The name of Egypt in Hebrew is mitzrayim. It also means narrow or problem. The Zohar is teaching us that Jacob was most alive when he was facing his problems and his garbage head on.

Our tendency is to want to get rid of problems, to solve them on the spot. But as Jacob is teaching us, our garbage is also our blessing. Pain and struggle lead us to seek more, to give more, and to reveal more. In fact, this is how most people take their first step onto the spiritual path.

The Zohar is not saying wallow in depression and feel sorry for yourself. That comes when we don't face our problems. But it is teaching us that when we confront our deepest fears and negative beliefs and behaviors, we uncover the spark of Light hiding beneath the harsh exterior of the circumstance. Kabbalists refer to it as revealing the concealed.

The longer we look at ourselves in the mirror, the faster our ugliness becomes beautiful.

It reminds me of a story my mother (and teacher) Karen Berg tells. It is of a man sitting in a field enjoying the sun when suddenly he is bitten on the hand by a lizard. As his hand starts to throb with pain, he walks to a nearby river and sticks his hand in to soak it. While sitting there, he notices a man drowning. He dives in, grabs hold of the man, and pulls him to shore.
"Thank you. You saved my life!" the man exclaims. "You should thank the lizard that bit my hand," the bitten man replied.
Many times chaos/challenges occur, and we should see them as opportunities to express the Light. So when we help others and they thank us, we can think, "Don't thank me. Thank the Light that I was allowed to reveal."

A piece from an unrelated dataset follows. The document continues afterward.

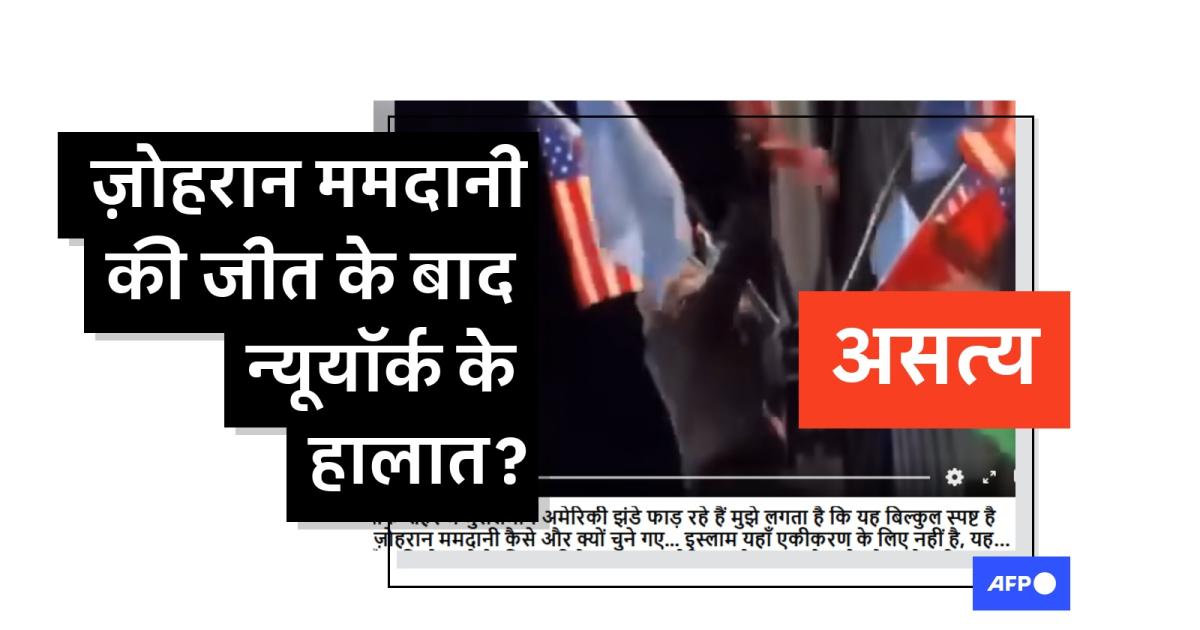डेमोक्रेटिक कैंडिडेट ज़ोहरान ममदानी के न्यूयॉर्क का मेयर चुने जाने के बाद से सोशल मीडिया पर एक पुराना वीडियो शेयर कर यह दावा किया गया है कि न्यूयॉर्क में मुसलमानों द्वारा अमेरिकी झंडा फाड़ा जा रहा है. हालांकि वीडियो वास्तव में नवंबर 2023 में अमेरिका में फ़िलिस्तीन-समर्थक विरोध प्रदर्शन के दौरान हुई घटना को दिखाता है.

A problem is only a problem because we think it is. It's all how we look at it. This week we can see the blessing our pain is presenting us. We only need the courage to look.
All the best,
Yehuda

Buddy, I can relate to this. I remember going to bed right after we all hug and wish each other a happy New Year, that I was thinking why do things like this happens to me. I was not feeling sorry for myself but I was thinking in the last year and how I dragged people that I love into my drama. I took a resolution not to allow drama like this come again into my life. But I read this message from you and I remember this dear friend who left me a message on Friday in which he told me that it was not the best week of his life last week,

I remember leaving a message in his cell phone trying to encourage him to keep going and to look at every thing that come his way as a blessing. I know it is pretentious of me to compare his problems to mine. But what do we gain by feeling misarable instead of take responsibility for our life and feel more inpowered to change things around in our life.

Buddy, this is me thanking you for the good and the bad. I guess there is a lot of people out there not willing to keep going with me since I bring more misery than happiness. Love has always been a driving force for me. I apoligized to every one that I brought more misery than pleasure. It was not my intetions. It was love what I always wanted to give. Then again, I have noticed a problem with perception when it comes to me and me interactive with others. I promised to work on this and other of my short comings. Then again, I always tell people that I am a work in progress. Feed back is welcome, I do accept even the one that is given with resement and anger. Because it takes 2 to tango and the sooner I take my reponsibility the faster I will able to change things around or improove for the better.